A plane passed through a severe storm. The turbulence was awful, and things went from bad to worse when one wing was struck by lightning.

One woman lost it completely.

She stood up in the front of the plane and screamed, 'I'm too young to die,' she cried. 
Then she yelled, 'If I'm going to die, I want my last minutes on earth to be memorable! Is there anyone on this plane who can make me feel like a WOMAN?'

For a moment, there was silence. Everyone stared at the desperate woman in the front of the plane. Then the man from Australia stood up in the rear of the plane.

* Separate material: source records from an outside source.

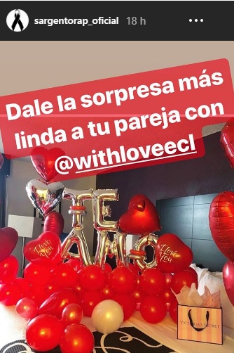 Ahora la chilena y el mexicano están nuevamente juntos y en esta fecha especial, el rapero quiso sorprender a su novia con un lindo detalle. A través de sus historias de Instagram, Sargento mostró que llenó una habitación de globos rojos y con forma de corazones, además de un gran adorno que dice "Te amo".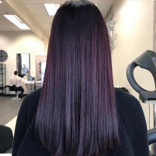 A deep purple shade on dark locks appears soft when indoors but offers your hair a vibrant burst of color in sunlight. This look is perfect for women seeking a playful, more striking hue. Touch-ups are recommended every 6-8 weeks. Additionally, it’s best to wash with cold water, as this helps preserve the color. You may also consider using color depositing shampoo or conditioner to rejuvenate your hue.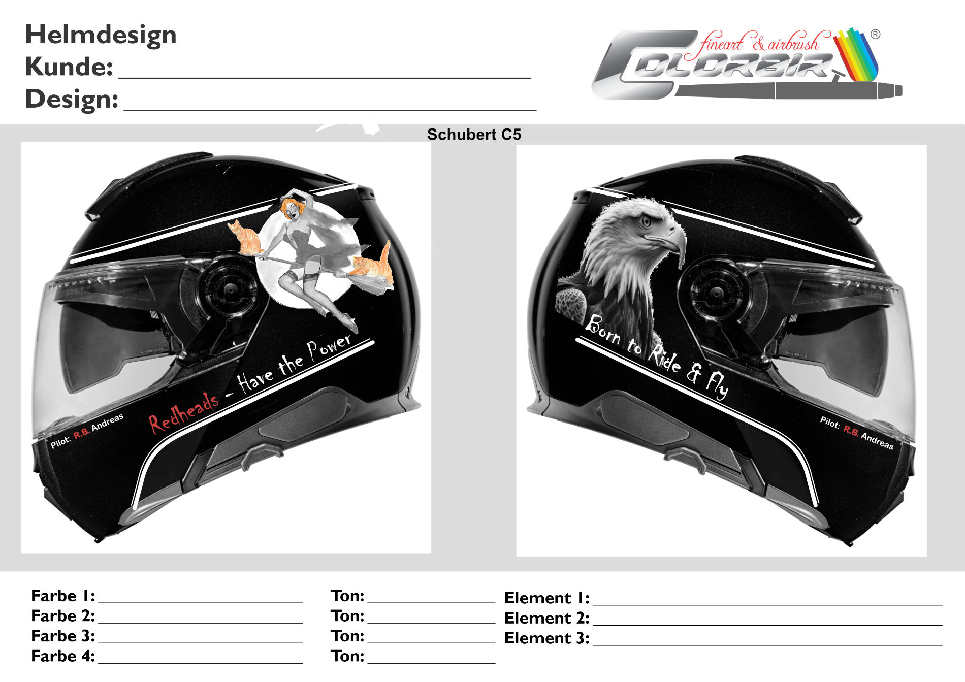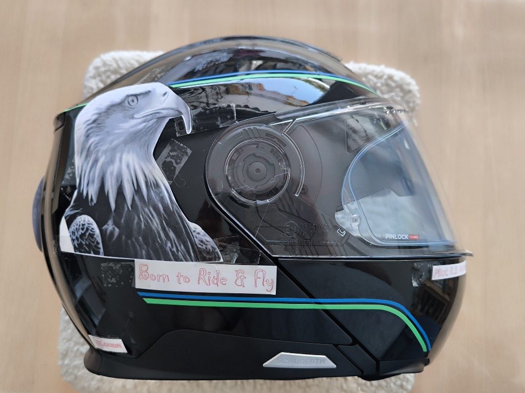 Der neue Schuberth C 5 erhält ein individuelles Design das die beiden Leidenschaften des Eigentümers widerspiegelt.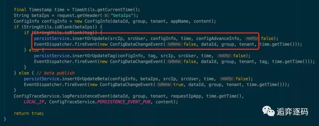 我只截取了重要的部分,从红框中的代码可以看出,修改配置后,服务端首先将配置的值进行了持久化层的更新,然后触发了一个 ConfigDataChangeEvent 的事件。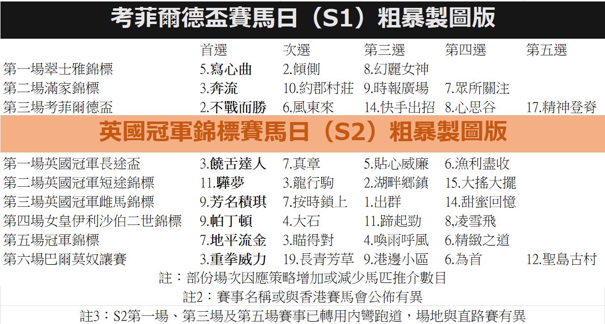 最後是冠軍錦標「地平流金」這匹三歲馬已經取下四連勝,贏出多拉爾錦標一場也是贏得十分輕鬆,難怪評分已經去到120分,今場又可以在變化地上陣,有望再可突圍。「瞄得對」的假像是,只懂跑快地以及去年凱旋門大賽包尾,不過以前也在好至黏地場地中贏馬,相信隨著能力進步,變化地也沒有問題。「喚雨呼風」去年此賽奪冠,以為今年要一場未勝告終,不過在上月尾贏出表列賽,雖然難勝,但仍可爭上位。「精緻之道」在雌馬賽中發揮實而不華的能力,上次不幸敗陣,今次在變化地中亦能發力,就算無法上陣,也不會輸得太誇張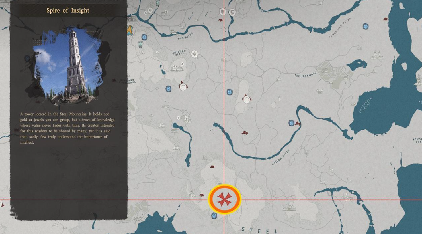 Шпиль Прозрения является дополнительной локацией, которую не обязательно посещать для завершения основного сюжета. Однако скрытые в нем секреты стоят того, чтобы отклониться от маршрута. Чтобы найти башню, отправляйтесь на юг от Эрнанда, проехав далеко за деревню Порорин. Вскоре вы увидите величественное строение, возвышающееся над горизонтом.
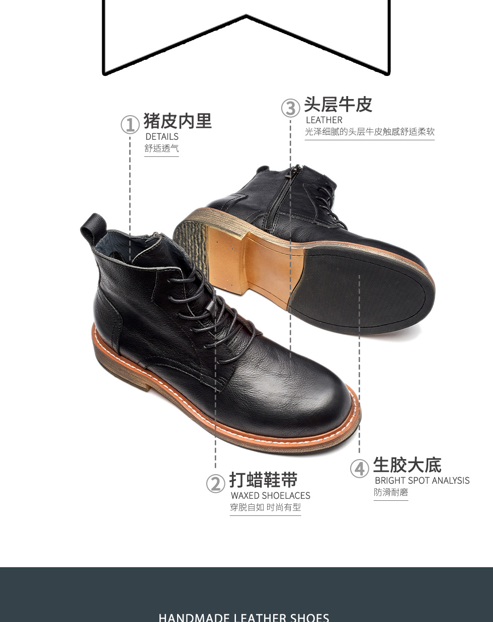 정품 가죽 마틴 부츠 남성용 영국 가죽 부츠 하이탑 가죽 신발 수제 복고풍 부츠 남성용 소가죽 부츠 워크 부츠 짧은 부츠 유행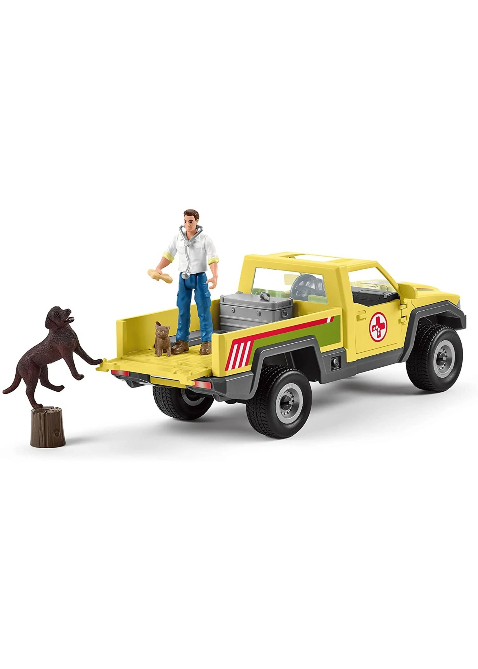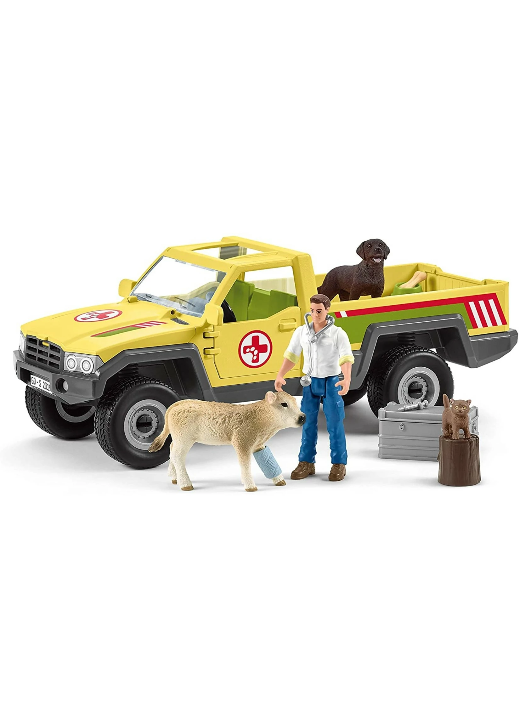 A calf on the farm has sprained its foot. The vet jumps in his pickup straight away with his Labrador and the cat, and heads off to examine the calf. The vet’s case with medication and bandages is always in the loading bay of his pickup. He bandages the calf right away and drives it to the veterinary practice. After the X-ray it can recuperate there before being taken back to the farm.

He was handsome, tall, well built, with dark brown hair and hazel eyes. Slowly, he started to walk up the aisle, unbuttoning his shirt as he went, one button at a time. No one moved. He removed his shirt. Muscles rippled across his chest.

She gasped...

Then, he spoke...


'Iron this -- and then get me a beer.'


----------



## Diwundrin (Dec 8, 2013)

Yep, that'd do it down here.


----------



## SeaBreeze (Dec 8, 2013)

:lol:


----------



## TICA (Dec 9, 2013)

Soooo funny but sad at the same time!


----------



## JustBonee (Dec 9, 2013)

...


----------



## Fern (Dec 9, 2013)

Aussie, aussie aussie, oy, oy oy.


----------



## Casper (Dec 9, 2013)

_*Jilly.......there are many ferals downunder that joke applies to.....

:cheers1:*_


----------



## Diwundrin (Dec 9, 2013)

This was a big hit here. Men loved it because they're dreamers. Women loved it because we knew men thought it was how things should be and we were never ever gonna let 'em have it.


----------